Le virus SARS-CoV-2 circulait en Italie bien avant la détection du « patient zéro » le 22 février dernier à Codogné. C'est ce que démontrent trois études transalpines qui ont remonté le temps : l'une sur les eaux usées où l’Institut supérieur de la santé a retrouvé des traces de coronavirus en décembre 2019 à Milan, Turin et Bologne ; une très récente ayant montré a posteriori qu'un petit garçon de 4 ans était positif au virus en novembre 2019 ; et une autre menée par l’Institut national de cancérologie de Milan qui est allée jusqu'à l'été 2019.
« Nous avons eu l'idée d'analyser des échantillons de sang prélevés en 2019 chez des volontaires inscrits dans un programme de recherche sur le cancer du poumon, explique le Pr Gabriella Sozzi, qui a dirigé l'étude à l'Institut de cancérologie.
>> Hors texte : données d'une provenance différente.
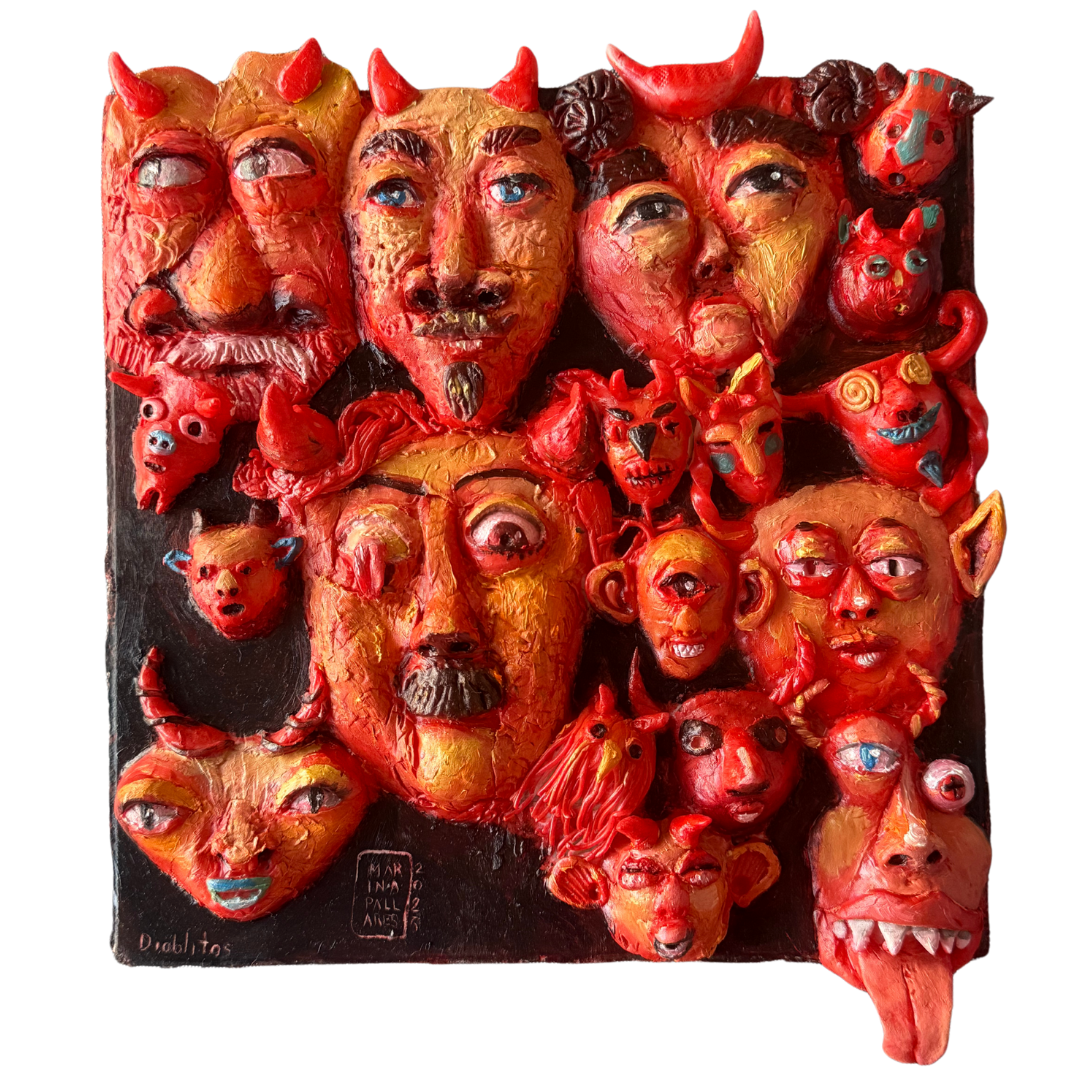 LOTE 010 / Marina Pallares - Diablitos / Pasta Francesa y óleo sobre mosaico vintage histórico - 26 x 26 cm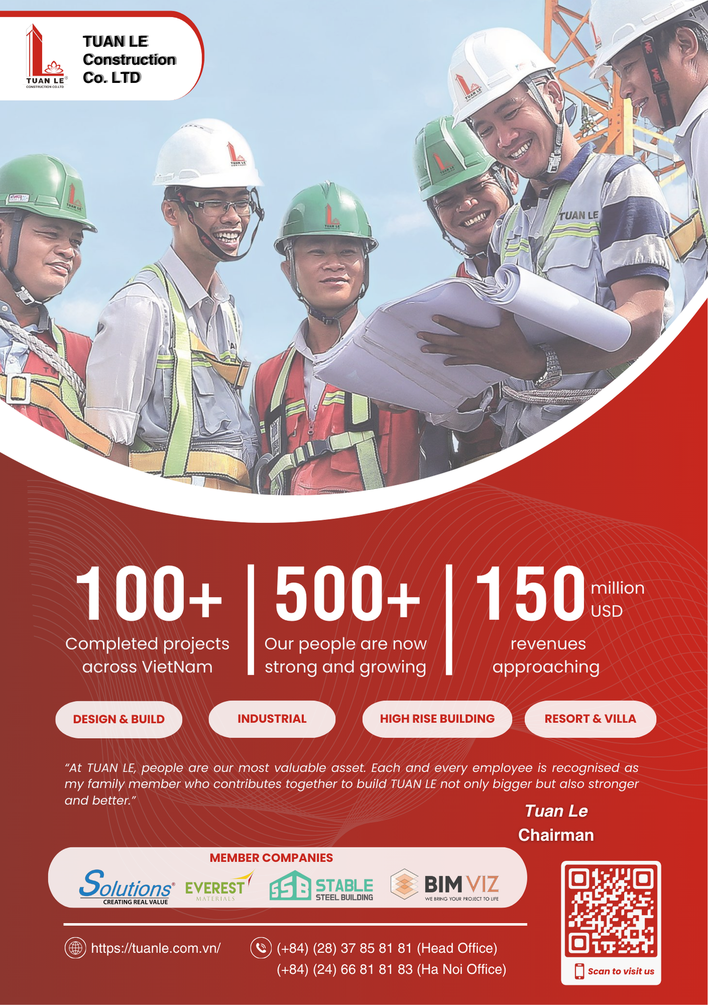 Thành lập năm 2009, TUẤN LÊ CONSTRUCTION đã xây dựng uy tín vững chắc thông qua hơn 100 dự án thành công khắp Việt Nam nhờ vào giá trị gia đình, sự tin cậy và tính liêm chính. Với đội ngũ 500 nhân viên và doanh thu gần 150 triệu USD, TUẤN LÊ là đơn vị luôn mang đến chất lượng và độ an toàn cao nhất cho khách hàng. Công ty đặt mục tiêu trở thành nhà thầu hàng đầu, luôn giữ đúng cam kết, năng động, và làm việc đồng đội. Các dự án của công ty xây dựng TUẤN LÊ trải dài toàn quốc, với khả năng thực hiện dự án từ 1 triệu USD đến hơn 100 triệu USD.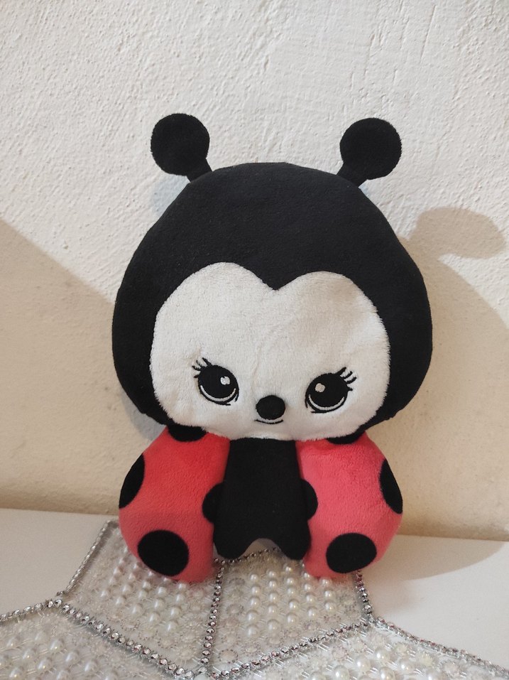 Kırmızı ve siyah detaylara sahip renkli uğur böceği tasarımlı yumuşak peluş oyuncak.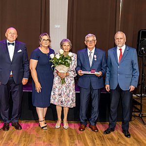 Czcigodni Jubilaci zaproszeni zostali do wspólnej fotografii, a następnie wraz z zaproszonymi gośćmi na uroczysty poczęstunek oraz miłą chwilę wspomnień. Wyjątkowy czas umilił Jubilatom minirecital w wykonaniu Bolesława Młodawskiego.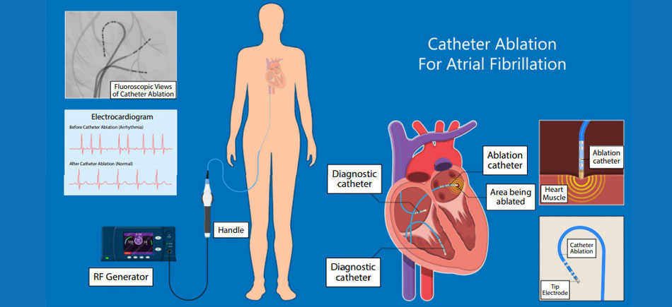 This ablation is a non-surgical procedure. A long, thin tube (or ‘catheter’) is inserted into a blood vessel in your groin and moved into your heart. The electrode at the tip of the catheter senses your heart’s electrical signals and takes electrical measurements. Your doctor tests your heart and then ‘ablates’ sections of the muscle tissue using the catheter. Catheter ablation can be done using: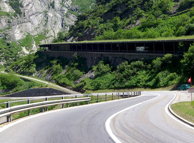 Breite, gut ausgebaute Straße, und eine lange Galerie mit grasbewachsenem Dach.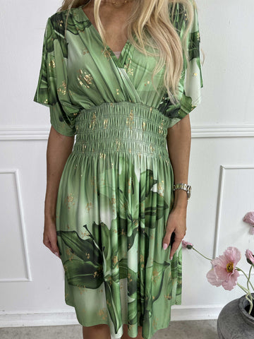 Pamina Palm Short - Elastisk kjole med blad motiver og guld støv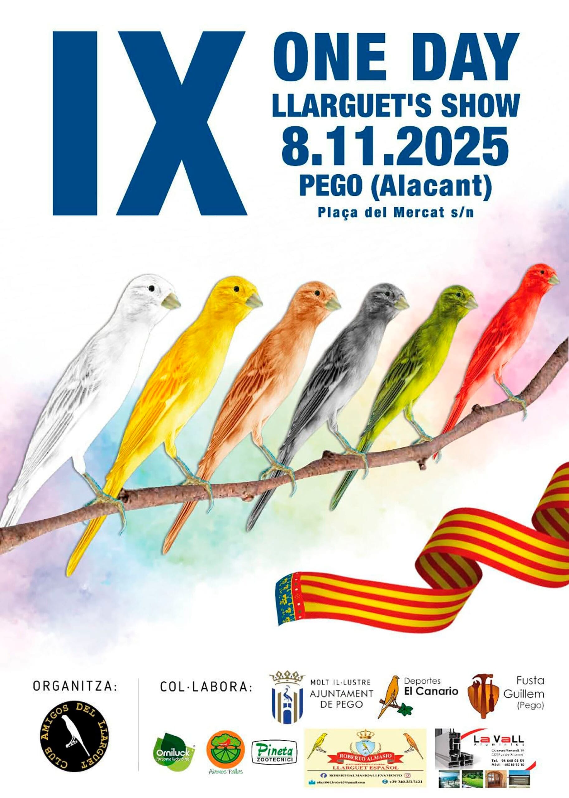 06 de noviembre de 2025 - 14:53 Foto Anterior2 de 2Ver el artículo original: El ‘One Day Llarguet’s Show’ convierte a Pego en el epicentro mundial del canario autóctono valenciano Novena edición del One Day Llarguet Show en Pego Cartel de la novena edición del One Day Llarguet Show en Pego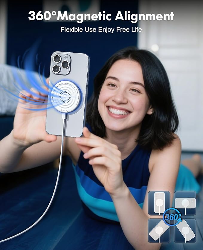 - 360° Strong Magnetic Alignment : This charger snaps to your iPhone like it’s part of the device. supports 360° charging in any direction. Tested to hold firm through Airplane Turbulence and Car Vibrations –Note: Non-Mag-Safe cases may weaken magnetic adsorption. For stronger attachment, we recommend using a Mag-Safe-compatible case. LED Charge Indicator glows blue during charging (automatically turns off after 1 minute), perfect for Nightstand Use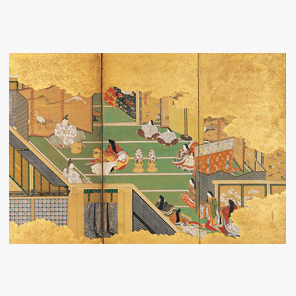 『源氏物語』に取材する六曲一双屏風の右隻、光源氏40歳の祝いの場面。人生の絶頂にある源氏を、妻や娘たちが祝福する内容の小ぶりの屏風は、婚礼調度と思われる。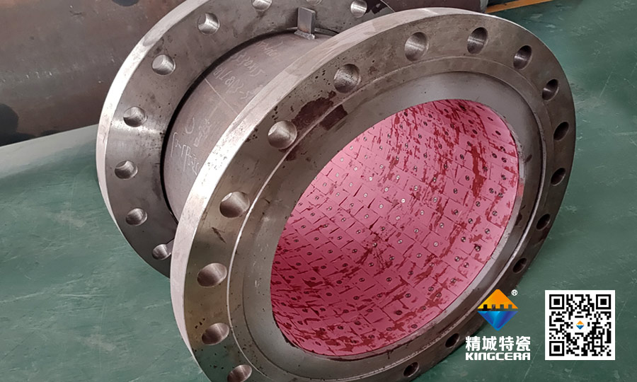 該耐磨陶瓷鋼管由鋼管、粘膠及耐磨陶瓷三層組成,鋼件采用20#整體熱彎成型(區別于離心澆鑄管道焊接或卷板成型),陶瓷采用與清華聯合研發的350度耐溫無機粘膠粘接在鋼件內壁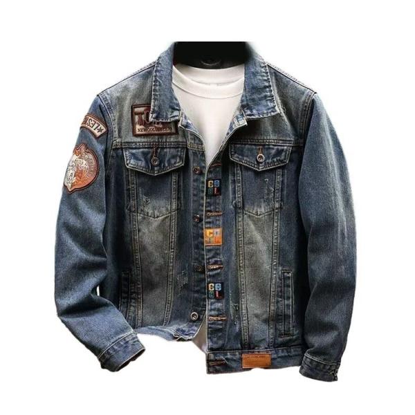 デニムジャケット 刺繍 ワッペン ジージャン メンズ 折り襟 ワークジャケット バイクウェア アメカジ ヴィンテージ風 厚手 耐磨耗 春秋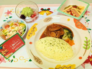 12月24日の昼食は「クリスマス」をテーマとしたメニューでした。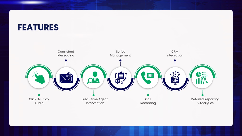 FEATURES Consistent Messaging Script CRM Management Integration Click-to-Play Audio Real-time Agent Intervention Call Detailed Reporting & Analytics Recording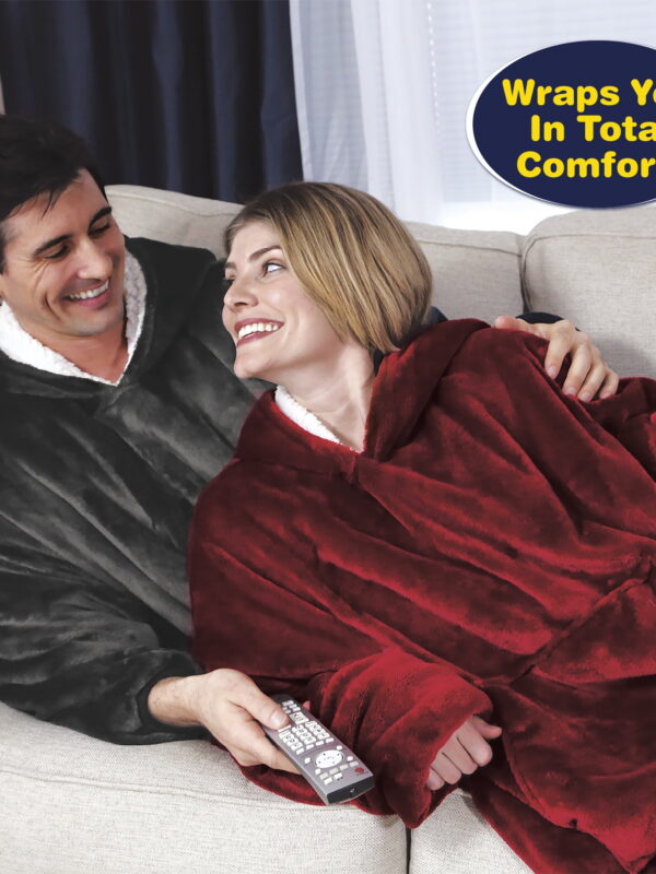 • Huggle Blanket Hoodie, Ultra Plush Blanket, Wearable Blanket for Men and Women, One Size, Grey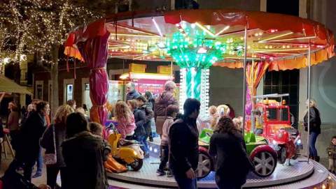 Justo en el centro del mercado un grupo musical amenizó la fría tarde de finales de otoño, poniendo en el aire las notas de sus melodías, provocando junto a las luces y el ambiente, un maravilloso espacio para pasear y soñar.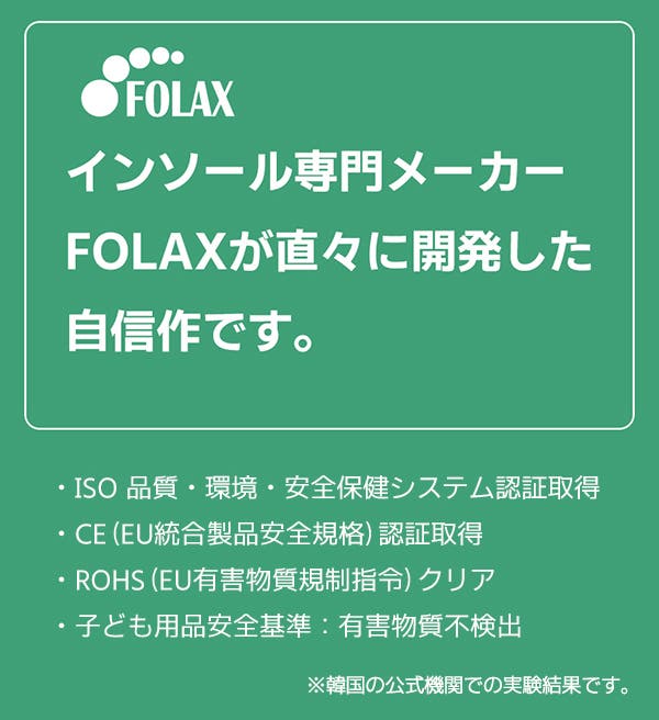FOLAXは認証試験機関のテストをクリアした品質の高いインソールのみを製造しています。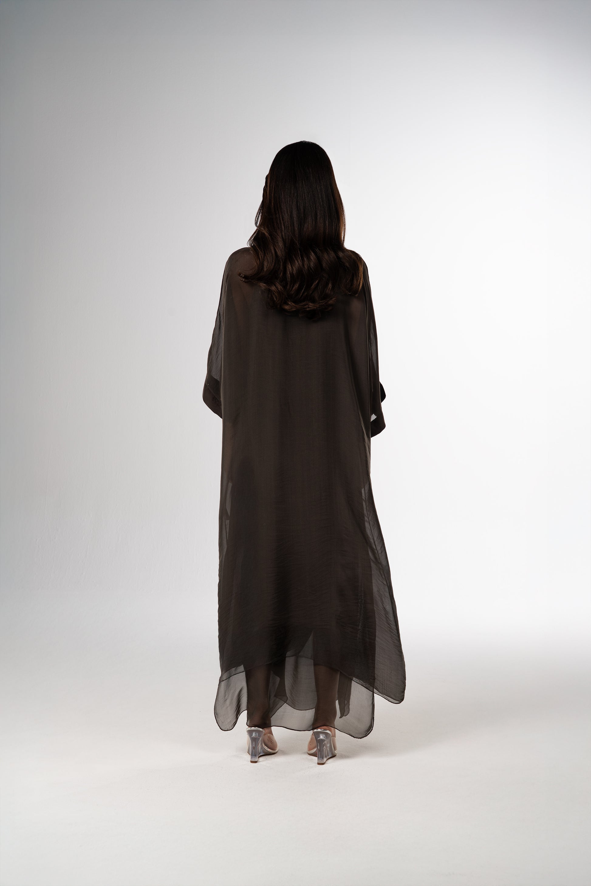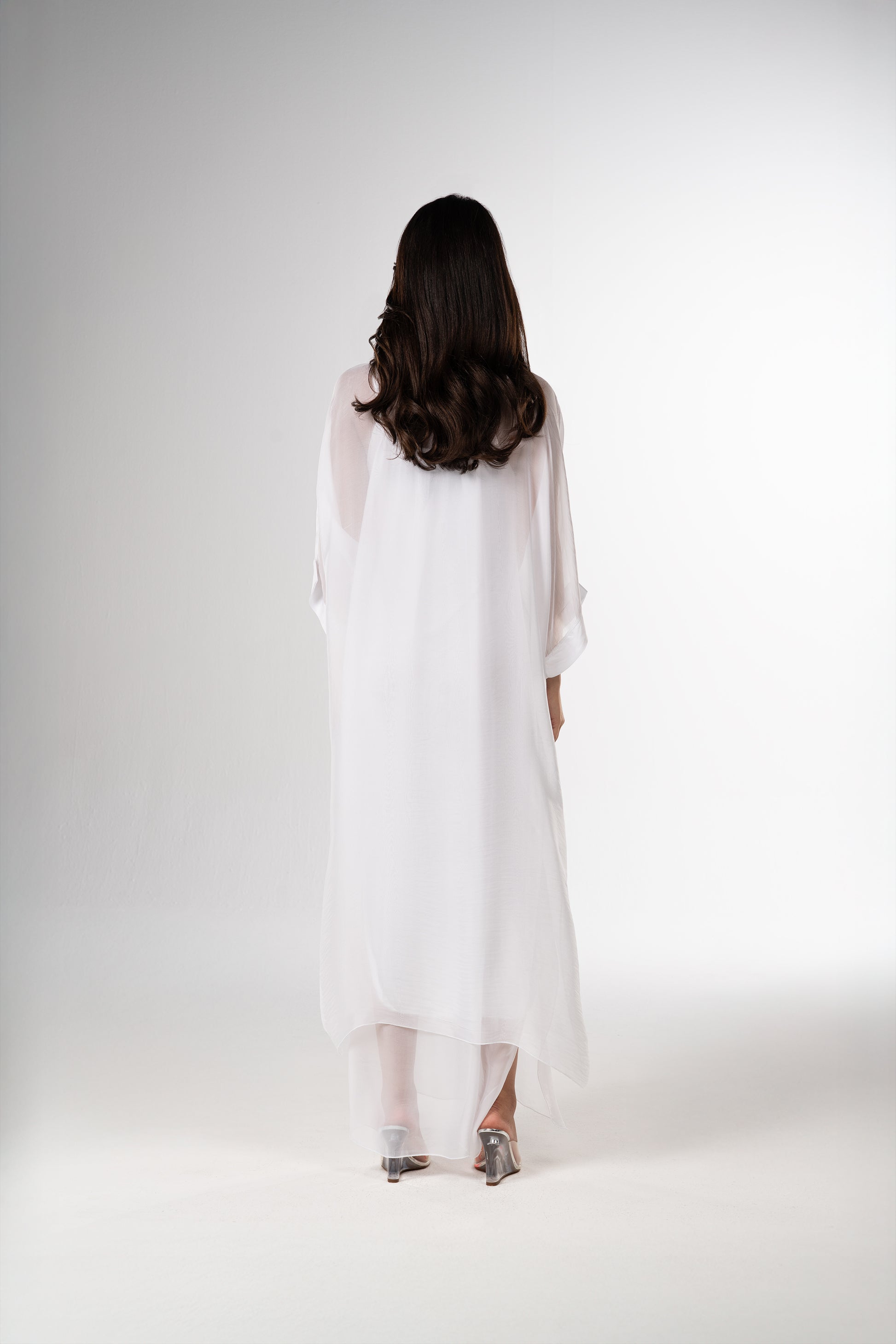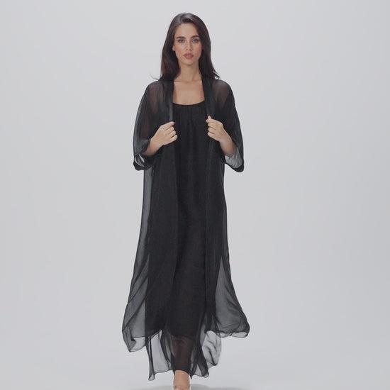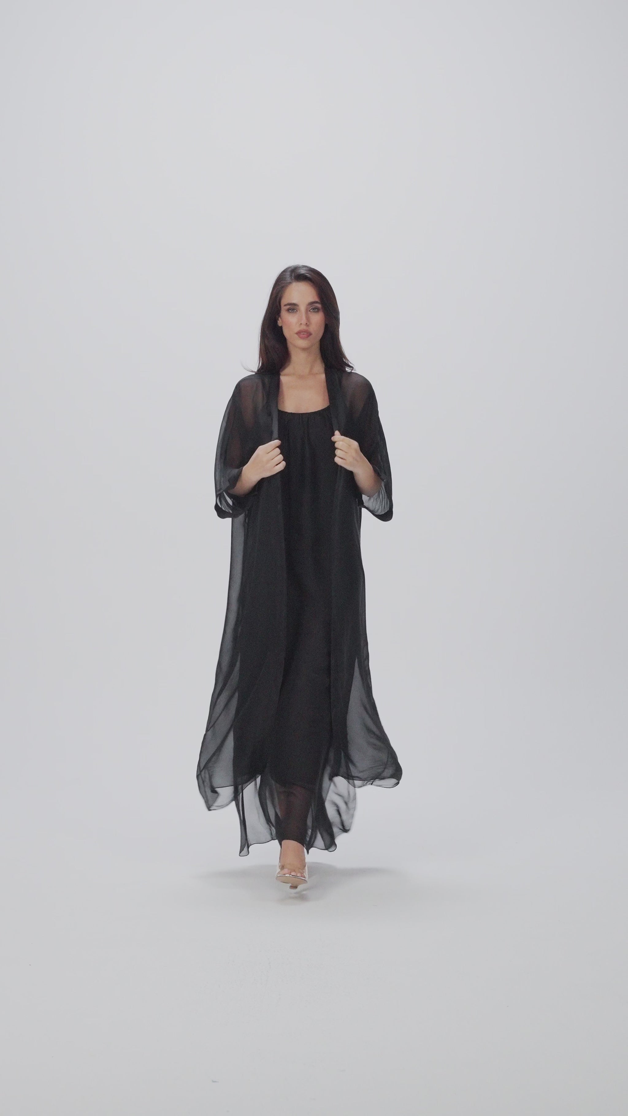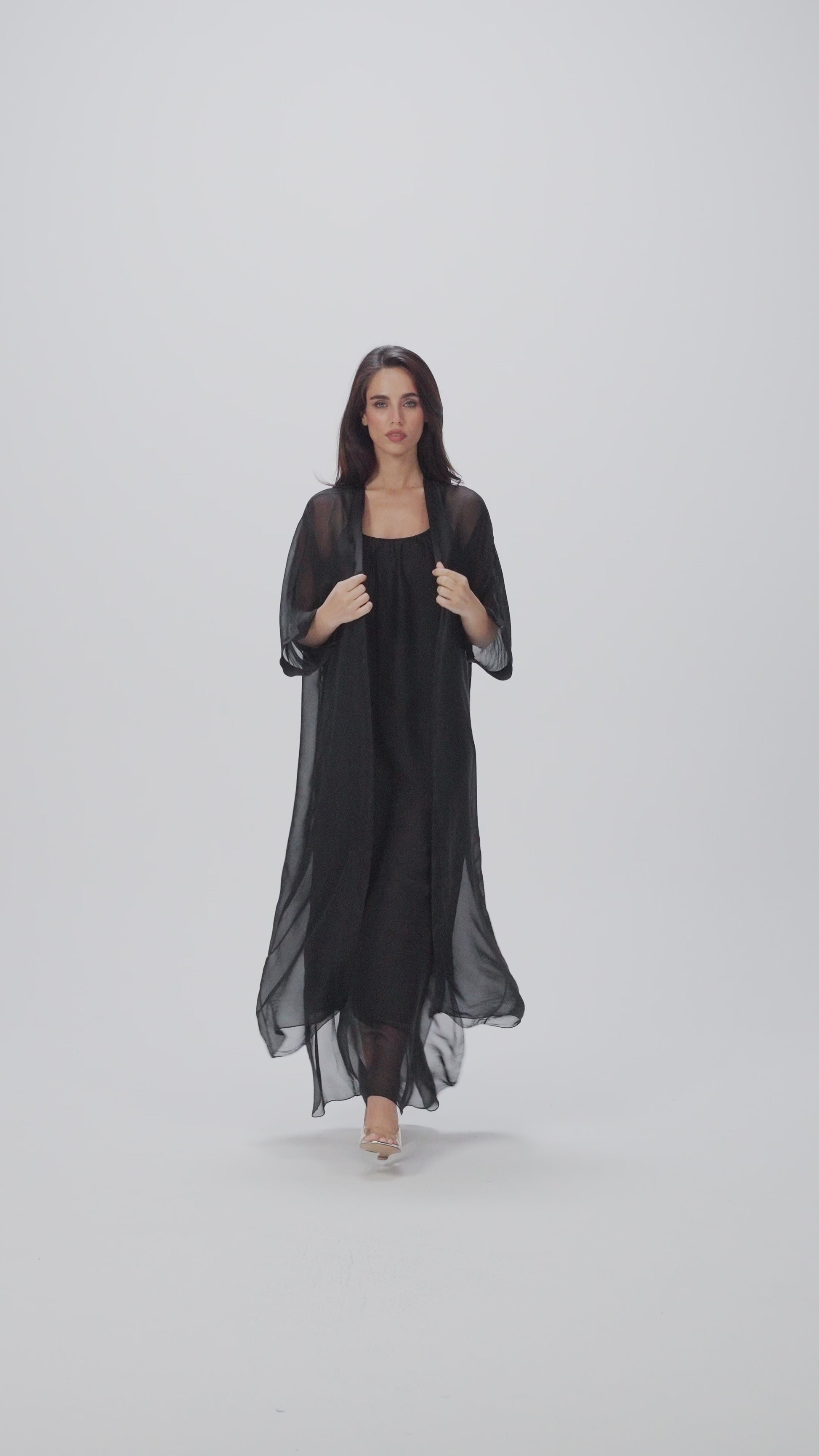قفطان إيطالي من الحرير القطني باللونين الأسود والأبيض (مجموعة رمضان)

Nos résultats suggèrent d'appliquer cette méthode à la recherche sur les virus émergents et les pandémies car elle permet de dater leur apparition, leur mode de transmission et leur dynamique. »
Alerte clinique
C'est ainsi qu'une autre étude menée à l’université de Milan, publiée la semaine dernière dans la revue « Emerging Infectious Diseases », a analysé 39 échantillons d’écouvillons de patients prélevés entre septembre 2019 et février 2020. Les chercheurs ont diagnostiqué un petit garçon de 4 ans positif au SARS-CoV-2 en novembre 2019. L’enfant avait développé des symptômes similaires à ceux de la grippe et des éruptions cutanées typiques de la rougeole. Or les tests à l'époque avaient indiqué que le petit garçon n’avait pas contracté la rougeole.
Pourquoi les chercheurs ne sont-ils pas remontés jusqu'en 2018 ? « C’est en décembre 2019 et janvier 2020 que plusieurs généralistes et médecins hospitaliers ont commencé à observer des formes étranges de pneumonie interstitielle qui n’avaient rien à voir avec la grippe et les autres maladies d’origine respiratoires que l’on connaît », ajoute le Pr Gian Vincenzo Zuccotti qui a dirigé la récente recherche à l'université milanaise.
Pour le Pr Pierangelo Clerici, président de l’Association des médecins microbiologistes- infectiologues italiens, dater l’apparition du virus avant 2019 n’est pas simple : « Il faudrait récupérer des échantillons biologiques de patients chinois ou originaires du sud-est asiatique qui ont été examinés en milieu hospitalier pour une raison ou pour une autre à cette période. »
Une circulation silencieuse
Le virus a ainsi commencé à circuler en Italie d’abord avec quelques cas circonscrits, avant que des mini-clusters ne se multiplient. « Avant la première vague, le virus circulait silencieusement, il y avait probablement des asymptomatiques ou paucisymptomatiques, puis le virus s’est diffusé rapidement et les hôpitaux ont été saturés », note le Pr Zuccotti.
L’apparition du virus en Italie pose la question de la surveillance des virus émergents. Pour le Pr Pierangelo Clerici, « cette pandémie nous a appris qu’il faut organiser un système de surveillance douze mois sur douze (...). Les instituts de virologie de référence devront stocker tous les mois des échantillons biologiques de patients, même sains, susceptibles d'avoir été contaminés après un voyage à l'étranger. Nous devons anticiper les virus ».
Dispositifs de surveillance
Ainsi, quand peut-on supposer qu’il s’agit d’un nouveau virus ? Pour le Pr Clerici, « lorsque le virus s’attaque à toutes les tranches d’âge ». Faut-il renforcer les dispositifs de vigilance actuels ? « Les pandémies liées au saut d’espèce vont probablement nous accompagner, il faut les anticiper, indique l'infectiologue. Normalement les pandémies sont cycliques, elles éclatent plus ou moins tous les huit ans mais ce laps de temps s’est peut-être raccourci ». Pour dresser un tableau des virus émergents, le microbiologiste propose que l’OMS désigne deux centres de culture cellulaire par pays. « La culture cellulaire est la première étape pour connaître un virus (...), c’est la seule façon d’anticiper la diffusion des virus à grande échelle », préconise le Pr Clerici.